Task goal
Retype the entries exactly; omit all pictures.

Working data

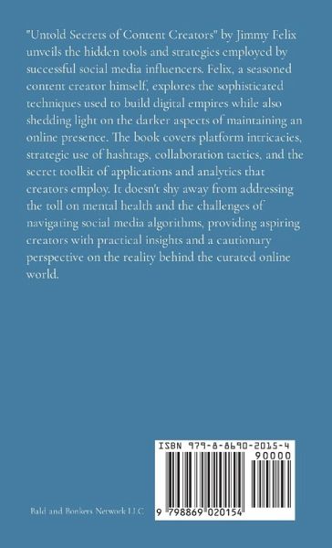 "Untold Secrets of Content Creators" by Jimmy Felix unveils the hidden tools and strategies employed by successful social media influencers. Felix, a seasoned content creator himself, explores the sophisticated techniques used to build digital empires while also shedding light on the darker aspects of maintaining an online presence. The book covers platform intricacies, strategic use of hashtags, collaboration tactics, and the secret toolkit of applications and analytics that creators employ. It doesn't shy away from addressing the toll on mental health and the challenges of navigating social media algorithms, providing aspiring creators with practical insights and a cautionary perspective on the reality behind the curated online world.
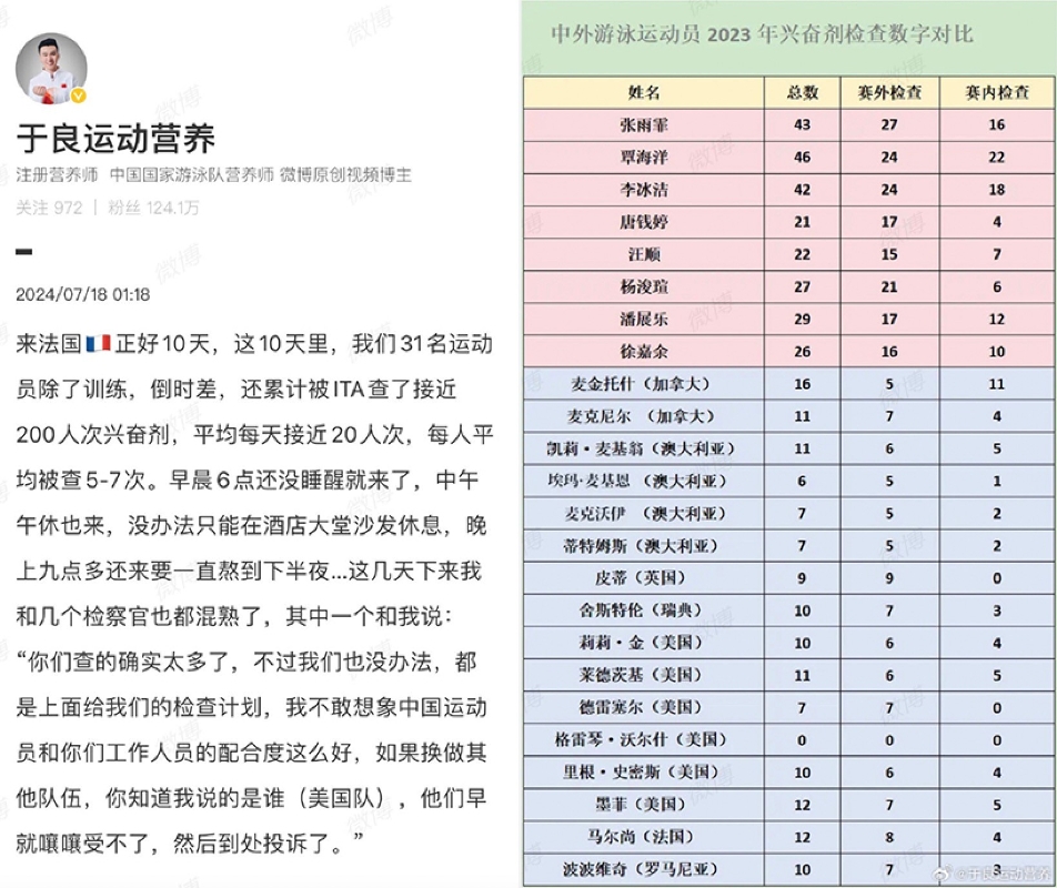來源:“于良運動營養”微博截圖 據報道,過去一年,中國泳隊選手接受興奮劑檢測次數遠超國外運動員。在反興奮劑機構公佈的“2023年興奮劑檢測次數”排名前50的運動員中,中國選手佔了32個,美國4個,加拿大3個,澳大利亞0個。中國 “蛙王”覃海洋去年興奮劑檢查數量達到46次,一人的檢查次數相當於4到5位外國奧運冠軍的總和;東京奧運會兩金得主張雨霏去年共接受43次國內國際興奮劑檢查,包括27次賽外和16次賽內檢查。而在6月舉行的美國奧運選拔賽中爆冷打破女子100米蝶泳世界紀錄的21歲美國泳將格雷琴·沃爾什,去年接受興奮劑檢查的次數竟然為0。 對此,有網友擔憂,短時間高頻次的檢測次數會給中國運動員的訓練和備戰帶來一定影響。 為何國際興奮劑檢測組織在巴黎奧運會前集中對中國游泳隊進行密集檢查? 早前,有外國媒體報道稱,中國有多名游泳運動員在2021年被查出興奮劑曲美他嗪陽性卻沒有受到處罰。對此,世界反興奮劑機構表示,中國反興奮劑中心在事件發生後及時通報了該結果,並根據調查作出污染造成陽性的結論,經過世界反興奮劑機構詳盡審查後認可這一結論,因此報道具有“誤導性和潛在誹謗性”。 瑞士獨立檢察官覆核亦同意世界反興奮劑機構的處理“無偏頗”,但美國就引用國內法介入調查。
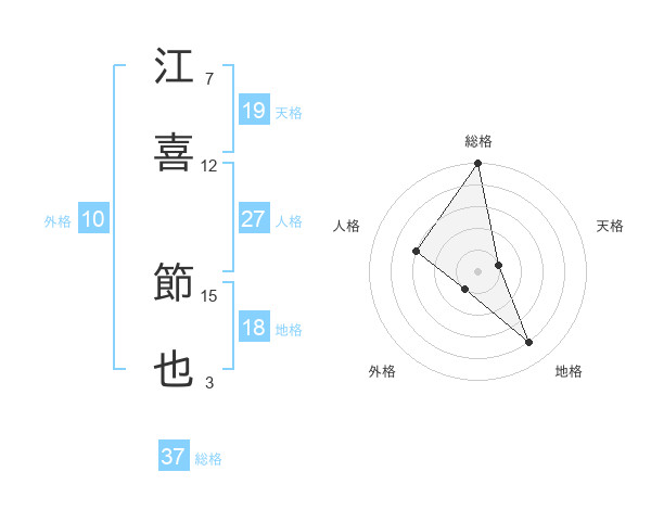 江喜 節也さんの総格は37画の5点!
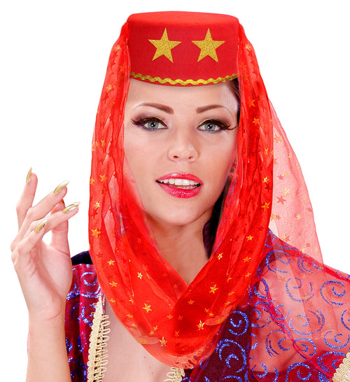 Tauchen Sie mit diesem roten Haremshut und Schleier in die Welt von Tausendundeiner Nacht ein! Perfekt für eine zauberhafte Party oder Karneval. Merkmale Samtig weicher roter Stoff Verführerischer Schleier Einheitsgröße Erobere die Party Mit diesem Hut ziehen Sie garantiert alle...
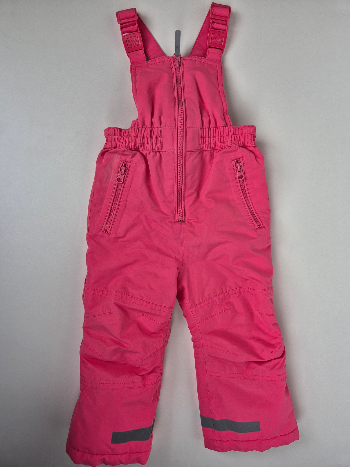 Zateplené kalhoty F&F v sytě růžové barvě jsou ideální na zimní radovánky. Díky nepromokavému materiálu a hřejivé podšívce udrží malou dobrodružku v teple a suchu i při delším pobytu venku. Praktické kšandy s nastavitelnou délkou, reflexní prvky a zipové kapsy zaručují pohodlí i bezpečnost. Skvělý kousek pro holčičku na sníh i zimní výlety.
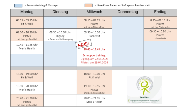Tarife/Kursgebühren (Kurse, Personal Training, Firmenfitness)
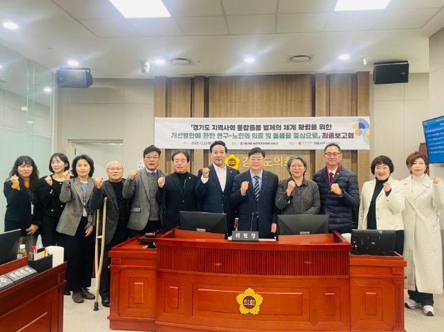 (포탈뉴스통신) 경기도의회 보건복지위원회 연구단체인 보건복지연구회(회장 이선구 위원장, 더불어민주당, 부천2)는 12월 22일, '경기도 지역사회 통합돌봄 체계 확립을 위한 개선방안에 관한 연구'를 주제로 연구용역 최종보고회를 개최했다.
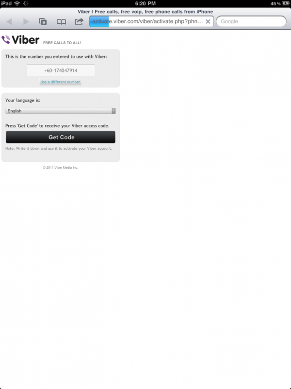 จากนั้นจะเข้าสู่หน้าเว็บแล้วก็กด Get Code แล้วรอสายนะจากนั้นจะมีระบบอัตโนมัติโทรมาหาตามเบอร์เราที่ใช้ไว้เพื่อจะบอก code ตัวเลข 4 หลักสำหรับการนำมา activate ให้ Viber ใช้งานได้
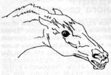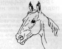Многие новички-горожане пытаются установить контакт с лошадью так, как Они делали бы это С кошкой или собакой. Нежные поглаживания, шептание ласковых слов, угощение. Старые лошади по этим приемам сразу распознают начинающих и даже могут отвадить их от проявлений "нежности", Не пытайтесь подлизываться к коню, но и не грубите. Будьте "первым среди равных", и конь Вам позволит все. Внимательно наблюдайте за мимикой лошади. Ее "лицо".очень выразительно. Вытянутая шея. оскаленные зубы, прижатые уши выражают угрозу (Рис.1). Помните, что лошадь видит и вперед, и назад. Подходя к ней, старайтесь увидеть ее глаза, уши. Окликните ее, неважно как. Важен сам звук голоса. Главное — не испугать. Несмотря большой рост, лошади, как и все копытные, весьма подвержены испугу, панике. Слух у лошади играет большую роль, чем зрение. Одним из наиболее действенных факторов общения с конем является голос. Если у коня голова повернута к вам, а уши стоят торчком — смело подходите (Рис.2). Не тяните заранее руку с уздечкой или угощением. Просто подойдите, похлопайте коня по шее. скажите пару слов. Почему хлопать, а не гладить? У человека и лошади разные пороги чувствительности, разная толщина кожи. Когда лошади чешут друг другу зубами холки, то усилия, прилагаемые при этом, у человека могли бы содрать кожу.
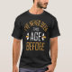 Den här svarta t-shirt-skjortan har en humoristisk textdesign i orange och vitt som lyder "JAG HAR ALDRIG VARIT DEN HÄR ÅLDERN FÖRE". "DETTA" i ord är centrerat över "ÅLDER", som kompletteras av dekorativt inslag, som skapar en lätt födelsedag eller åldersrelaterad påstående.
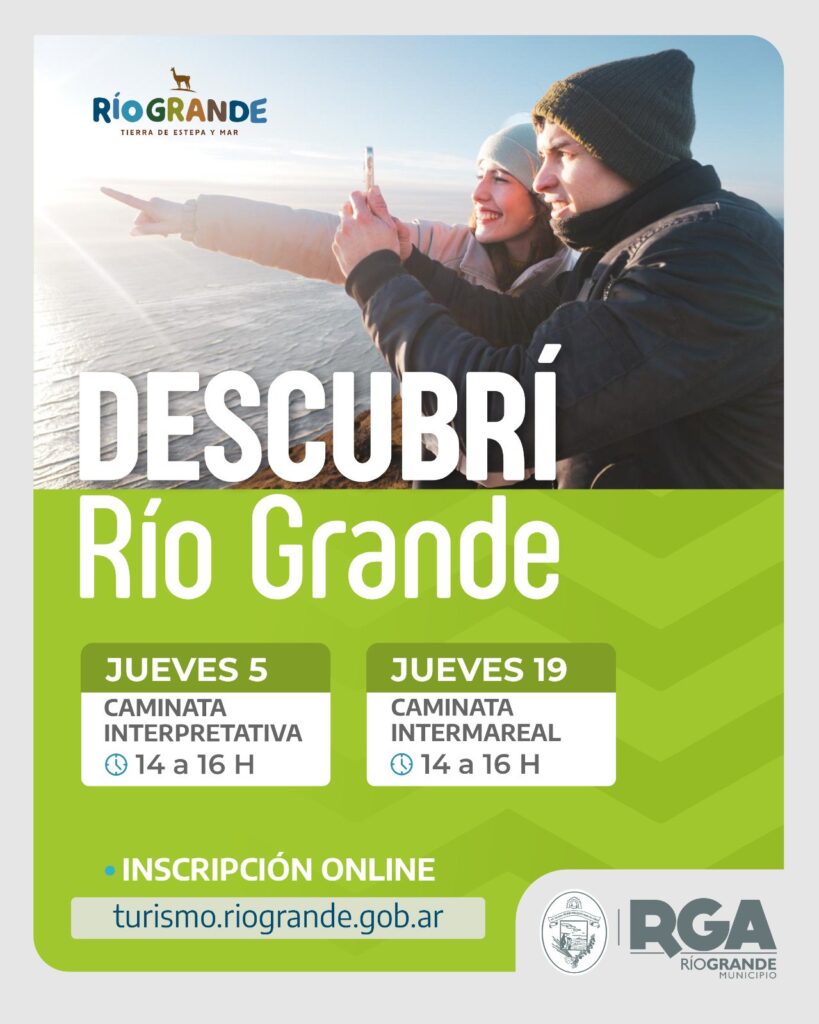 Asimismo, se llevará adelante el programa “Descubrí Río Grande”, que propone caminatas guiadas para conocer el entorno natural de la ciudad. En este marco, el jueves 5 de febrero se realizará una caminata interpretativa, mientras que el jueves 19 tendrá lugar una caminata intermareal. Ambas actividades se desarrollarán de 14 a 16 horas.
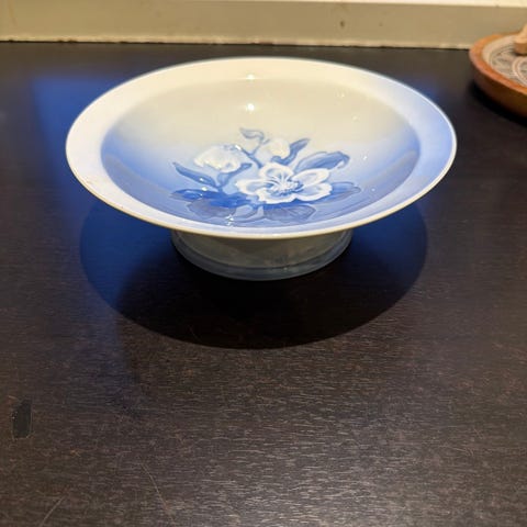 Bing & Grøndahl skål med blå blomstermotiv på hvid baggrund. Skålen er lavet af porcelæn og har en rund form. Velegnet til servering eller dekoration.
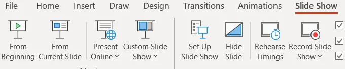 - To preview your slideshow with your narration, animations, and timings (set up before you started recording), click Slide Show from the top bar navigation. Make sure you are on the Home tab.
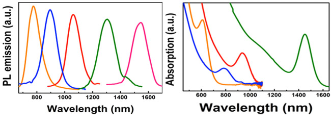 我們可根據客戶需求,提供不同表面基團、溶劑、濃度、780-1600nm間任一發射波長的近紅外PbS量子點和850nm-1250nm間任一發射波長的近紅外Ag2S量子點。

Result
 "Untold Secrets of Content Creators" by Jimmy Felix unveils the hidden tools and strategies employed by successful social media influencers. Felix, a seasoned content creator himself, explores the sophisticated techniques used to build digital empires while also shedding light on the darker aspects of maintaining an online presence. The book covers platform intricacies, strategic use of hashtags, collaboration tactics, and the secret toolkit of applications and analytics that creators employ. It doesn't shy away from addressing the toll on mental health and the challenges of navigating social media algorithms, providing aspiring creators with practical insights and a cautionary perspective on the reality behind the curated online world.
來源:“于良運動營養”微博截圖 據報道,過去一年,中國泳隊選手接受興奮劑檢測次數遠超國外運動員。在反興奮劑機構公佈的“2023年興奮劑檢測次數”排名前50的運動員中,中國選手佔了32個,美國4個,加拿大3個,澳大利亞0個。中國 “蛙王”覃海洋去年興奮劑檢查數量達到46次,一人的檢查次數相當於4到5位外國奧運冠軍的總和;東京奧運會兩金得主張雨霏去年共接受43次國內國際興奮劑檢查,包括27次賽外和16次賽內檢查。而在6月舉行的美國奧運選拔賽中爆冷打破女子100米蝶泳世界紀錄的21歲美國泳將格雷琴·沃爾什,去年接受興奮劑檢查的次數竟然為0。 對此,有網友擔憂,短時間高頻次的檢測次數會給中國運動員的訓練和備戰帶來一定影響。 為何國際興奮劑檢測組織在巴黎奧運會前集中對中國游泳隊進行密集檢查? 早前,有外國媒體報道稱,中國有多名游泳運動員在2021年被查出興奮劑曲美他嗪陽性卻沒有受到處罰。對此,世界反興奮劑機構表示,中國反興奮劑中心在事件發生後及時通報了該結果,並根據調查作出污染造成陽性的結論,經過世界反興奮劑機構詳盡審查後認可這一結論,因此報道具有“誤導性和潛在誹謗性”。 瑞士獨立檢察官覆核亦同意世界反興奮劑機構的處理“無偏頗”,但美國就引用國內法介入調查。
 江喜 節也さんの総格は37画の5点!
 Tauchen Sie mit diesem roten Haremshut und Schleier in die Welt von Tausendundeiner Nacht ein! Perfekt für eine zauberhafte Party oder Karneval. Merkmale Samtig weicher roter Stoff Verführerischer Schleier Einheitsgröße Erobere die Party Mit diesem Hut ziehen Sie garantiert alle...
 Zateplené kalhoty F&F v sytě růžové barvě jsou ideální na zimní radovánky. Díky nepromokavému materiálu a hřejivé podšívce udrží malou dobrodružku v teple a suchu i při delším pobytu venku. Praktické kšandy s nastavitelnou délkou, reflexní prvky a zipové kapsy zaručují pohodlí i bezpečnost. Skvělý kousek pro holčičku na sníh i zimní výlety.
Tarife/Kursgebühren (Kurse, Personal Training, Firmenfitness)
 (포탈뉴스통신) 경기도의회 보건복지위원회 연구단체인 보건복지연구회(회장 이선구 위원장, 더불어민주당, 부천2)는 12월 22일, '경기도 지역사회 통합돌봄 체계 확립을 위한 개선방안에 관한 연구'를 주제로 연구용역 최종보고회를 개최했다.
 จากนั้นจะเข้าสู่หน้าเว็บแล้วก็กด Get Code แล้วรอสายนะจากนั้นจะมีระบบอัตโนมัติโทรมาหาตามเบอร์เราที่ใช้ไว้เพื่อจะบอก code ตัวเลข 4 หลักสำหรับการนำมา activate ให้ Viber ใช้งานได้
Многие новички-горожане пытаются установить контакт с лошадью так, как Они делали бы это С кошкой или собакой. Нежные поглаживания, шептание ласковых слов, угощение. Старые лошади по этим приемам сразу распознают начинающих и даже могут отвадить их от проявлений "нежности", Не пытайтесь подлизываться к коню, но и не грубите. Будьте "первым среди равных", и конь Вам позволит все. Внимательно наблюдайте за мимикой лошади. Ее "лицо".очень выразительно. Вытянутая шея. оскаленные зубы, прижатые уши выражают угрозу (Рис.1). Помните, что лошадь видит и вперед, и назад. Подходя к ней, старайтесь увидеть ее глаза, уши. Окликните ее, неважно как. Важен сам звук голоса. Главное — не испугать. Несмотря большой рост, лошади, как и все копытные, весьма подвержены испугу, панике. Слух у лошади играет большую роль, чем зрение. Одним из наиболее действенных факторов общения с конем является голос. Если у коня голова повернута к вам, а уши стоят торчком — смело подходите (Рис.2). Не тяните заранее руку с уздечкой или угощением. Просто подойдите, похлопайте коня по шее. скажите пару слов. Почему хлопать, а не гладить? У человека и лошади разные пороги чувствительности, разная толщина кожи. Когда лошади чешут друг другу зубами холки, то усилия, прилагаемые при этом, у человека могли бы содрать кожу.
 Den här svarta t-shirt-skjortan har en humoristisk textdesign i orange och vitt som lyder "JAG HAR ALDRIG VARIT DEN HÄR ÅLDERN FÖRE". "DETTA" i ord är centrerat över "ÅLDER", som kompletteras av dekorativt inslag, som skapar en lätt födelsedag eller åldersrelaterad påstående.
 Asimismo, se llevará adelante el programa “Descubrí Río Grande”, que propone caminatas guiadas para conocer el entorno natural de la ciudad. En este marco, el jueves 5 de febrero se realizará una caminata interpretativa, mientras que el jueves 19 tendrá lugar una caminata intermareal. Ambas actividades se desarrollarán de 14 a 16 horas.
 Bing & Grøndahl skål med blå blomstermotiv på hvid baggrund. Skålen er lavet af porcelæn og har en rund form. Velegnet til servering eller dekoration.
 - To preview your slideshow with your narration, animations, and timings (set up before you started recording), click Slide Show from the top bar navigation. Make sure you are on the Home tab.
 我們可根據客戶需求,提供不同表面基團、溶劑、濃度、780-1600nm間任一發射波長的近紅外PbS量子點和850nm-1250nm間任一發射波長的近紅外Ag2S量子點。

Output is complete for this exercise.